Я открыла глаза, только когда он уехал принять душ и переодеться. Палата нарядная: с нежно-зелеными стенами и даже с диванчиком. Но какое мне дело до диванчиков, если моя жизнь кончена? Какая мне теперь разница, где я?
Я знаю, что удачным оказывается только один брак из трех, остальные распадаются. Кажется, так. Но я думала…
Мне казалось, мы…
Яростно смахиваю слезы. Не буду я рыдать, еще чего.
– Можно? – Дверь открывается, сестра вкатывает тележку. – Хотите позавтракать?
– Спасибо, – хрипло отзываюсь я, сажусь, а она взбивает подушки и подкладывает их мне под спину.
Съедаю только тост с чаем, чтобы не морить ребенка голодом. Потом изучаю свое отражение в зеркальце на крышке пудреницы. Боже, ну и страшила. Все лицо в остатках вчерашнего макияжа, волосы закурчавились от дождя. А капельница «от обезвоживания» кожу так и не освежила.
Я похожа на брошенную жену.
Смотрю в зеркало, и мне становится горько. Вот, значит, как это бывает. Выходишь замуж, думаешь, что у тебя все замечательно, а оказывается, все это время муж крутил роман на стороне и теперь уходит к другой женщине, красотке с рыжими патлами. Надо было предвидеть это с самого начала. Напрасно я успокоилась.
Этому человеку я отдала лучшие годы своей жизни, а он нашел себе игрушку поновее и отделался от меня.
Ну положим, отдала я ему всего полтора года. К тому же Венеция старше меня. Но это ничего не меняет.
У двери опять шаги, я застываю. В палату осторожно заглядывает Люк. Сразу замечаю, что под глазами у него тени, а на щеке свежий порез.
Отлично. Так ему и надо.
– Проснулась! – говорит он. – Как себя чувствуешь?
Киваю, стиснув зубы. Ни за что не обрадую его, виду не подам, что мне плохо.
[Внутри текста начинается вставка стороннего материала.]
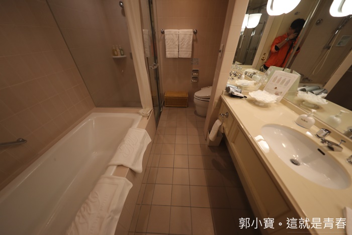 | 廁所的部分也超大一間的,浴缸是大浴缸可以整個人躺下去都沒問題,旁邊還有淋浴間跟免治馬桶,洗手台非常大。 |
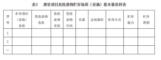 環(huán)境影響報(bào)告書(表)應(yīng)列表明確危險(xiǎn)廢物貯存場(chǎng)所(設(shè)施)的名稱、位置、占地面積、貯存方式、貯存容積、貯存周期等,樣表見表2。
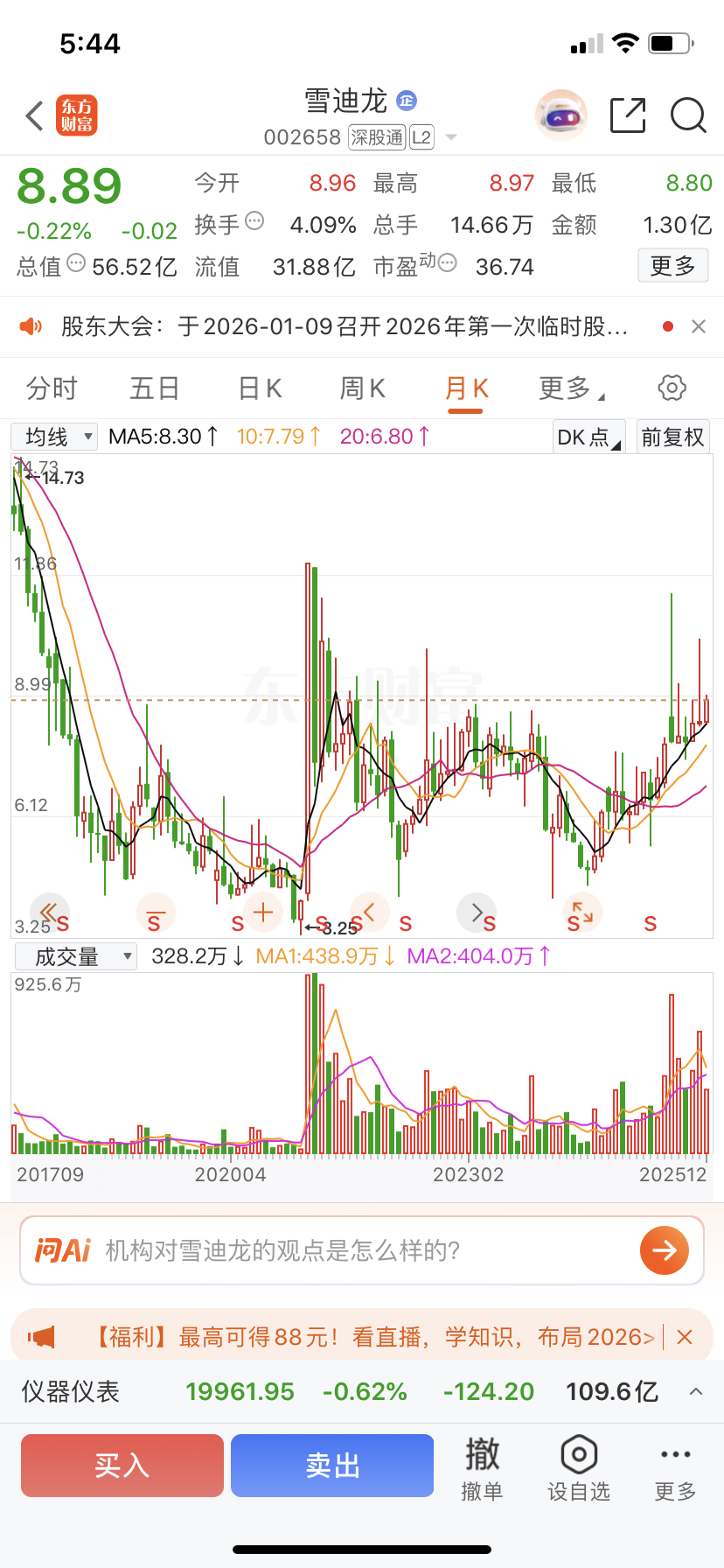 $雪迪龙(SZ002658)$ 18年开始,冲过8.89只有三两次,大多数时间都在5块多
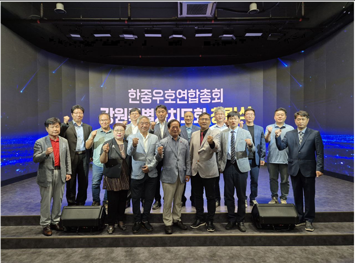 [세계타임즈]최성룡기자 = 14일(금), 오전 11시 춘천 강원글로벌디지털 스튜디오에서 한중우호연합총회(총회장 우수근) 강원특별자치도지회(지회장 권영화 / 이하, 강원지회) 개소식을 회원 및 주요 내빈 20여 명이 온/오프라인으로 참석한 가운데 성황리에 개최되었다.

Буду хранить достоинство, даже ценой односложных ответов.
– Выглядишь получше. – Он садится на кровать. – Я так беспокоился за тебя.
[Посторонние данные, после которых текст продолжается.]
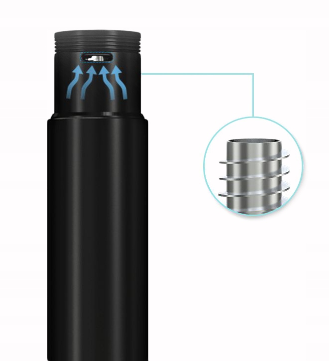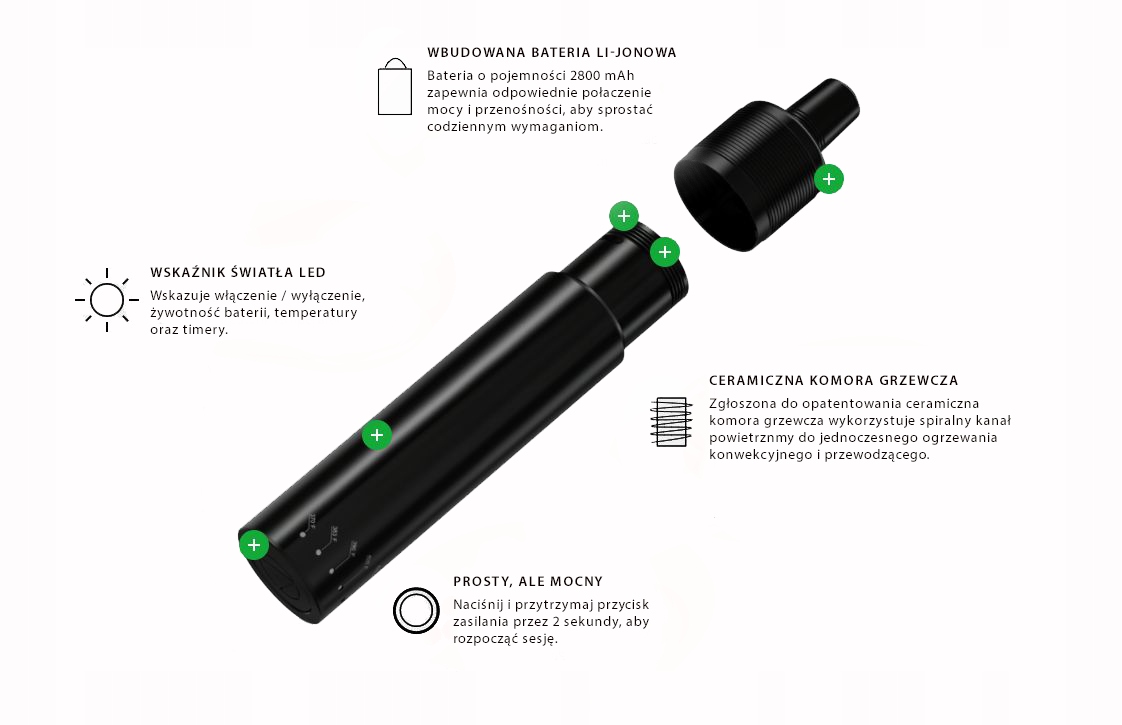 VLeaF — це випарник потужністю 45 Вт. Він досягає бажаної температури протягом 30 секунд. Має п'ять налаштувань температури. Нагрівальна камера використовує спіральний повітряний канал для одночасного конвективного та кондуктивного нагріву. Розміри: Висота - 145 мм Діаметр - 27 мм Вага 137 г. Акумулятор ємністю 2800 мАг.

А у меня в ушах снова звучит холодный, уверенный голос Венеции: «Люк просто играет, чтобы не расстраивать тебя». Встречаюсь с ним взглядом, надеюсь, что он хоть чем-нибудь выдаст себя, ищу трещинку в его непроницаемой маске. Но Люк – непревзойденный актер. Вошедший в образ любящего мужа у постели больной жены.
Я всегда знала, что Люк – мастер пиара и рекламы. Это его стихия. Благодаря ей он заработал миллионы. Но я никогда не думала, что он настолько талантлив. И способен быть таким… двуличным.
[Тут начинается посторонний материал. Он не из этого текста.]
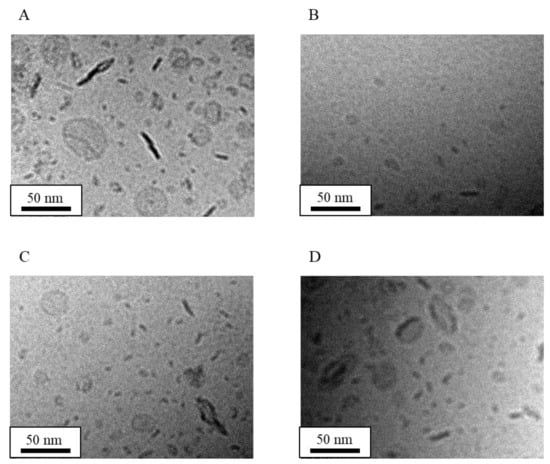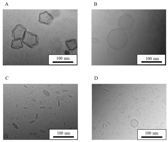 Cryo-TEM images in Figure 9 revealed NI-LNs prepared from HSPC/DPPG/Chol (5/0/0) and (5/1/0), as well as from HSPC/DPPG/Chol (5/0/2) and (5/1/2). For HSPC/DPPG/Chol (5/0/2), the surface asperities disappeared, and the particles became smooth (Figure 9B). Since there was no difference in the widths of identical particles before and after sample stage rotation, the structures were spherical. Thus, lipid nanoparticles prepared from HSPC/DPPG/Chol (5/0/0) were liposomes. NI-LNs prepared with HSPC/DPPG/Chol (5/1/2) were bicelles and micelles, similar to standard NI-LNs, but liposomes were also present (Figure 9D). It was reported that when the Chol content was 20 mol% or less in liposomes, there were two phases: a miscible phase composed of Chol and lipids, and a lipid phase composed only of lipids []. For a Chol concentration of more than 20 mol%, there were spherical liposomes formed by the miscible phase, and micelles and bicelles formed by the lipid phase.

– Бекки, – он вглядывается в мое лицо, – все хорошо?
– Нет. Вовсе нет! – В наступившей тишине я собираюсь с силами. – Люк, я все знаю.
– Знаешь? – Тон Люка не изменился, а взгляд разом стал настороженным. – Что ты знаешь?
– Только не надо притворяться, ладно? – Я сглатываю. – Венеция мне все рассказала. Она объяснила, что происходит.
– Она тебе рассказала? – Люк вскакивает, на лице написан ужас. – Она не имела права…
Он умолкает и отворачивается. А я слышу глухой стук у меня внутри. Все вдруг начинает нестерпимо ныть: голова, глаза, руки, ноги.
Я и не думала, что с таким отчаянием цеплялась за последнюю соломинку надежды. Ждала, что Люк обнимет меня, скажет, что все это неправда, и признается мне в любви. Но соломинку унесло. Все кончено.
– Наверное, она решила, что я должна знать правду. – Каким-то чудом мне удается подпустить в голос сарказма. – Или надеялась развлечь меня!
– Бекки… я просто оберегал тебя. – Люк оборачивается – вид у него несчастный. – Ребенок… Твое давление…
– И когда же ты собирался мне все объяснить?
– Не знаю. – Люк вздыхает, отходит к окну и возвращается. – Может, после родов. Я хотел сначала посмотреть… что получится.
– Ясно.
Вдруг я понимаю, что больше не выдержу. Не могу я вести себя с достоинством, как подобает взрослому человеку! Мне хочется завыть во весь голос и заорать на Люка. Рыдать и швырять в него чем попало.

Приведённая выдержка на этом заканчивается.